--- START ---

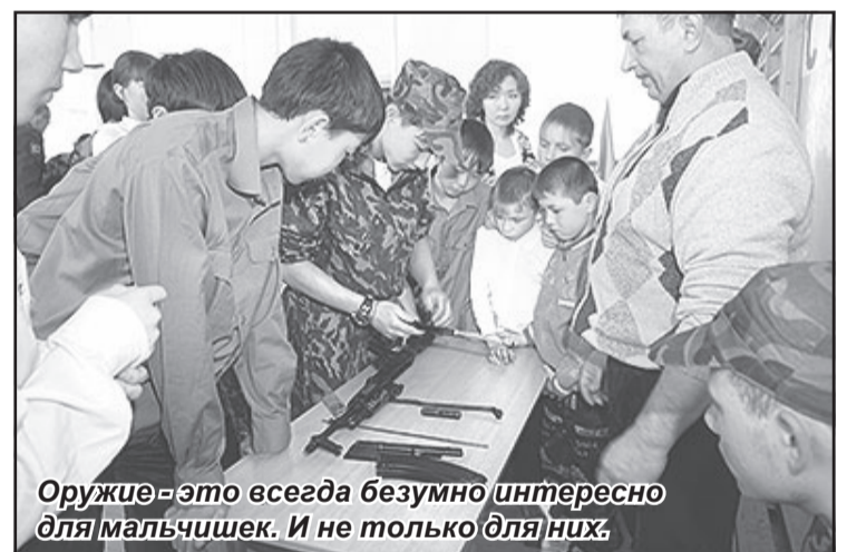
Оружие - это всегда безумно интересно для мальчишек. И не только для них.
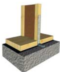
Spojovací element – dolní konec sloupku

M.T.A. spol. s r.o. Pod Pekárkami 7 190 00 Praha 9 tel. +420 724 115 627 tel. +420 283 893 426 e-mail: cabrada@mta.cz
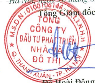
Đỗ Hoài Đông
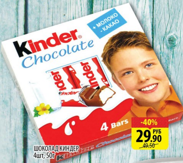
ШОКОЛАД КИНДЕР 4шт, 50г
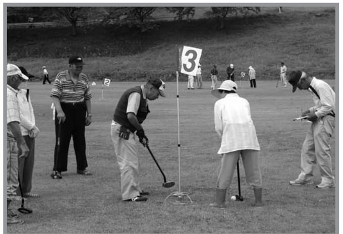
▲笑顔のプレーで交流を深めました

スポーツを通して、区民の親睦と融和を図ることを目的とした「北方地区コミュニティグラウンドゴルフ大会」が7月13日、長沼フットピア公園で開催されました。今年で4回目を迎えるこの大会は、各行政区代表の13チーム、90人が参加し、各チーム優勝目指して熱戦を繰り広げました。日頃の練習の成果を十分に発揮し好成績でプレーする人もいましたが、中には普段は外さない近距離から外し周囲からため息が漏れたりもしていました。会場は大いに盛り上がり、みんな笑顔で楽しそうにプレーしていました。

--- END ---

- _What the exercise asks_:
Skip the pictures and print each record exactly as it stands.

- _Exercise output_:
Оружие - это всегда безумно интересно для мальчишек. И не только для них.
Spojovací element – dolní konec sloupku

M.T.A. spol. s r.o. Pod Pekárkami 7 190 00 Praha 9 tel. +420 724 115 627 tel. +420 283 893 426 e-mail: cabrada@mta.cz
Đỗ Hoài Đông
ШОКОЛАД КИНДЕР 4шт, 50г
▲笑顔のプレーで交流を深めました

スポーツを通して、区民の親睦と融和を図ることを目的とした「北方地区コミュニティグラウンドゴルフ大会」が7月13日、長沼フットピア公園で開催されました。今年で4回目を迎えるこの大会は、各行政区代表の13チーム、90人が参加し、各チーム優勝目指して熱戦を繰り広げました。日頃の練習の成果を十分に発揮し好成績でプレーする人もいましたが、中には普段は外さない近距離から外し周囲からため息が漏れたりもしていました。会場は大いに盛り上がり、みんな笑顔で楽しそうにプレーしていました。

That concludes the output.